YOUR OBJECTIVE → Using the data below, return word for word every line from the one holding "Согласно протолитической теории" down to the one holding "นิวยอร์ก 15 ต.ค.- สถานีโทรทัศน์". Leave pictures out.
DATA EXTRACTS: Begin
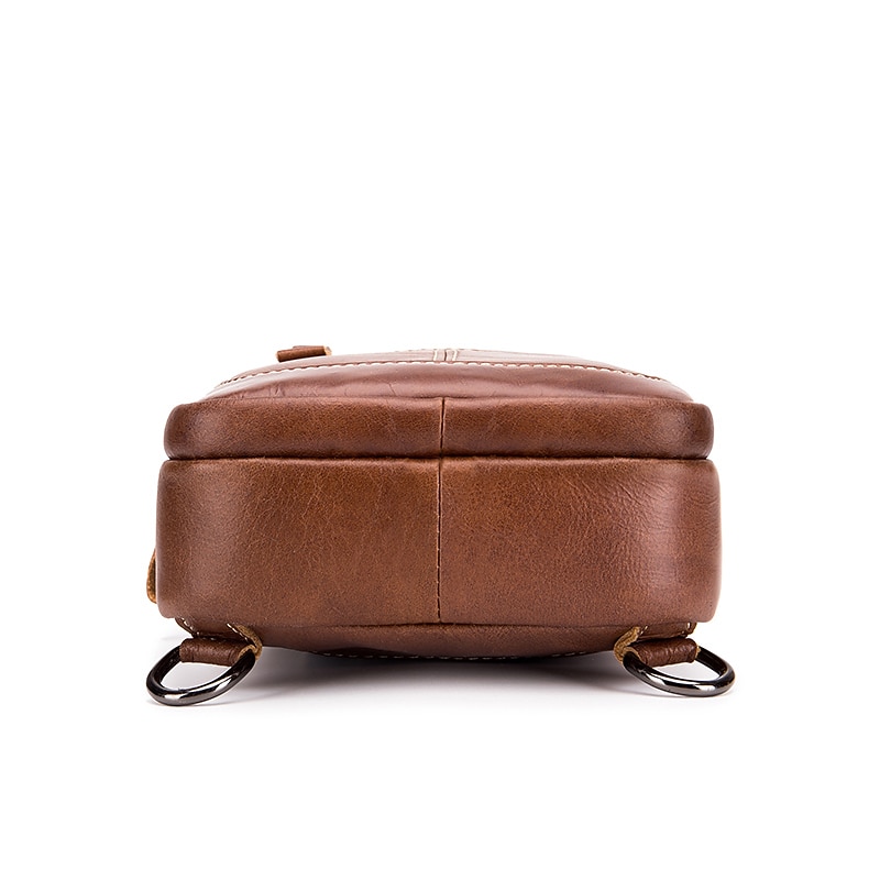 Men's Brown Leather Sling Bag with Adjustable Strap and Multiple Zipper Pockets – Stylish Crossbody Travel and Casual Shoulder Bag 19
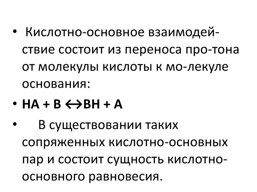 • Согласно протолитической теории анионыслабых кислоты относятся к основаниям,
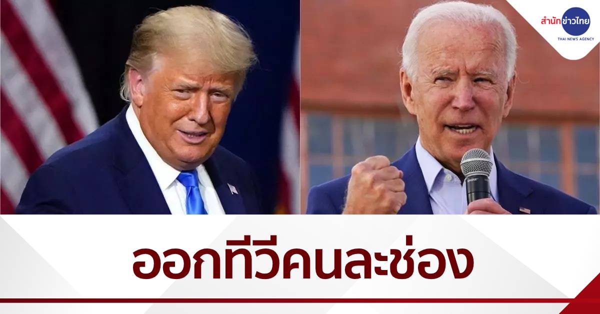 นิวยอร์ก 15 ต.ค.- สถานีโทรทัศน์ 2 ช่องในสหรัฐถูกตำหนิที่แข่งกันให้ประธานาธิบดีโดนัลด์ ทรัมป์และโจ ไบเดนแยกขึ้นเวทีตอบคำถามแบบแยกช่องในวันนี้ตามเวลาสหรัฐ หลังจากคณะกรรมการโต้วาทีหรือดีเบตยกเลิกดีเบตนัดสองวันนี้
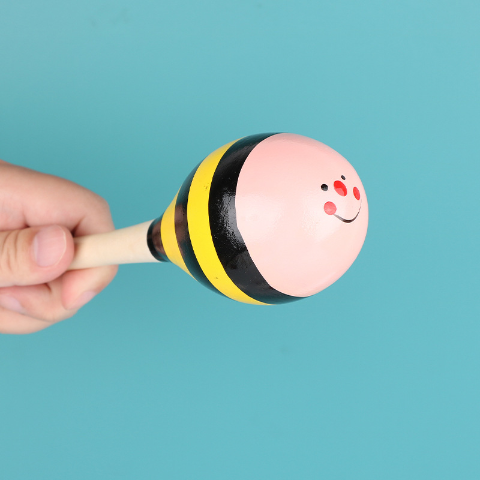 Fiecare maracas este pictat manual cu modele prietenoase, reprezentând buburuze, albinuțe și forme geometrice, care atrag instant atenția celor mici.
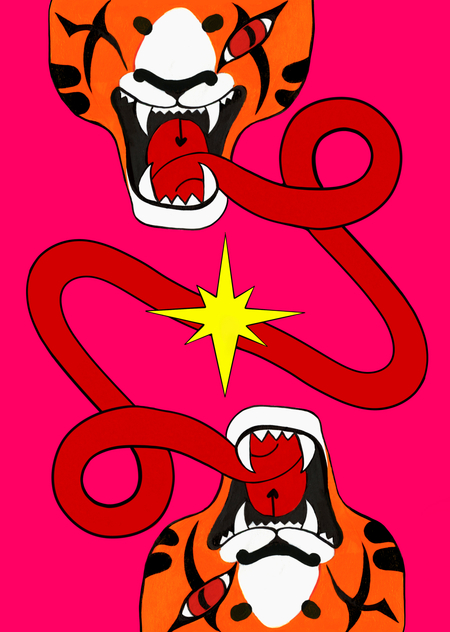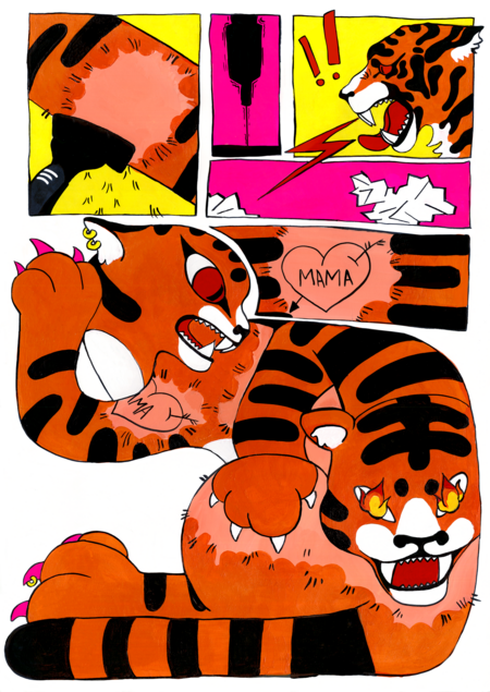 В моей вселенной я захотела изобразить тигрят, катающихся на скейтах, бьющих татуировки, делающих пирсинг и дающих рок-концерты. Как говорится, чем бы тигриное дитя не тешилось :)
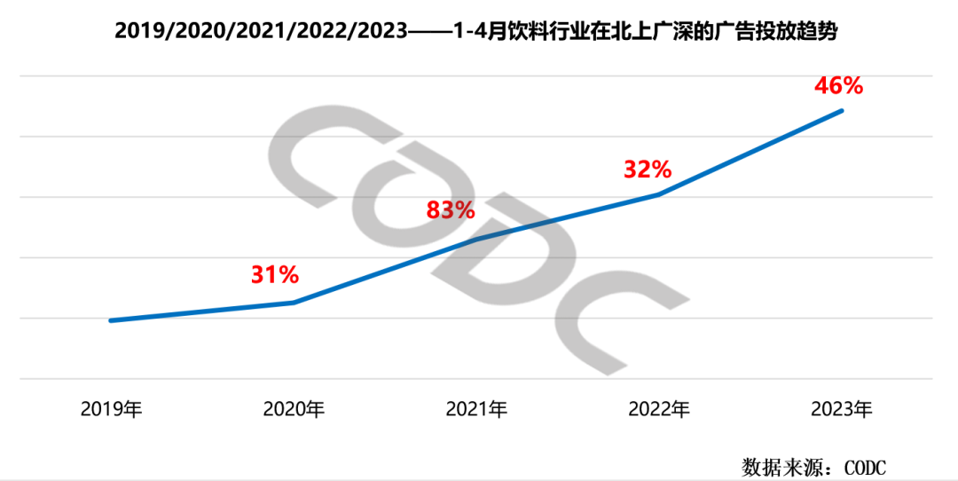 今年1-4月饮料行业广告前十品牌排名与疫情前的2019年同期相比,国际品牌明显减少,除COSTA品牌外,各大品牌都来自国内企业,国产品牌的快速发展,以上升为行业广告投放的主流,也是饮料行业广告增长的重要推手。
DATA EXTRACTS: End
ANSWER FOR THIS EXERCISE →
 • Согласно протолитической теории анионыслабых кислоты относятся к основаниям,
 นิวยอร์ก 15 ต.ค.- สถานีโทรทัศน์ 2 ช่องในสหรัฐถูกตำหนิที่แข่งกันให้ประธานาธิบดีโดนัลด์ ทรัมป์และโจ ไบเดนแยกขึ้นเวทีตอบคำถามแบบแยกช่องในวันนี้ตามเวลาสหรัฐ หลังจากคณะกรรมการโต้วาทีหรือดีเบตยกเลิกดีเบตนัดสองวันนี้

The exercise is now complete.